Throughout her childhood Mekea Fishlin was quite familiar with yoga by watching her mother practice regularly.

Although she didn’t enjoy participating as a teenager, that youthful aversion is long a thing of the past.

In recent years, Fishlin, 41, found herself gravitating back to yoga as a form of meditation, particularly when she was pregnant and had more time when no longer commuting to work in the Bronx. Today, if Fishlin hasn’t found time for a session, or at least to do it at home for 20 minutes, she said she feels off center.

“It was something that I could do that was completely relaxing, and to me has a spiritual connection as well as getting a workout,” Fishlin said.

She began taking classes at the Saw Mill Club in Mount Kisco. One of those classes was prenatal yoga when Fishlin was pregnant with the second of her three children.

When she stepped down as publisher of The Riverdale Press, a weekly newspaper in the Bronx, about three years ago, Fishlin was searching to find a new direction in her life, so she training to become a yoga instructor. She put in 200 hours to become certified, then an 85 additional hours to be able to teach the prenatal yoga sessions. She’s currently in the midst of 300 additional hours of training.

Fishlin started off as a substitute instructor at Saw Mill, and since January, has been leading three 60- or 75-minute classes a week–one for beginners, a power yoga class and the prenatal.

She said having attended the prenatal class helped her and other women as they  went through the various stages of pregnancy and beyond. The class focuses on controlling breath.

“Besides from providing a wonderful communal space with people who are going through the same thing as you, yoga itself helps to even the body and helps prepare for the changes that are happening, the growing belly and the labor to follow,” Fishlin said.

The roughly five-minute commute for Fishlin, who has lived with her husband, Todd, in Mount Kisco for about 11 years, allows her to be close to home to raise their three children, who range in age from nine years to 20 months. It also permits Fishlin to do freelance graphic design from home for several publications, including The Northern Westchester Examiner.

Fishlin, who grew up in Manhattan and City Island, took a somewhat circuitous path to earn her college degree in media arts.

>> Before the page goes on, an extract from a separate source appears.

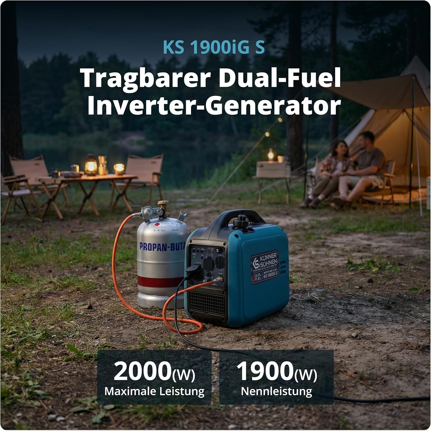 Könner & Söhnen KS 1900iG S Inverter Stromerzeuger, 2.000W, Dual Fuel LPG/Benzin, reine Sinuswelle, 17kg, Eco-Mode, USB, Euro-5

She started at SUNY New Paltz, then took a year off from school to travel around South America.

Upon her return Fishlin, an avid photographer, went to Pace in Pleasantville for a short stint, but realized that she didn’t want to stay in New York and preferred being on her own.

“I wanted to go as far away from New York as possible, I guess,” Fishlin said. “So I just looked at the map and said where is the farthest place. Washington (state) was the farthest place.”

She went to school at Evergreen State College in Olympia, Wash. because she wanted to go someplace that was different  and beautiful. The school also allowed her to create her own major and parlay some of the time she spent in South America toward credits.

After completing her degree, Fishlin returned to New York where she was able to get a photography internship at The Riverdale Press, which led to a job as staff photographer, launching a 20-year association with the paper.

She also served as production manager, oversaw the design department and dabbled in page design, ad design and layout. When new owners came aboard, Fishlin became publisher. But with two children and a third on the way, she couldn’t see herself putting in the demanding and unpredictable hours required.

Today, she works 20 hours a week as graphic designer for the paper’s parent company, the Long Island-based Richner Publications.

Fishlin would also like to continue adding to her qualifications. She’s in the process of getting her childbirth education certificate and also hopes to become a doula, someone who assists a woman before, during and after childbirth.

And yoga will remain a big part of her life.

“It’s something that I had always wanted to understand more about the history of the culture, the philosophy, to be able to dive into it and have my questions answered as well as being able to share it with other people,” Fishlin said.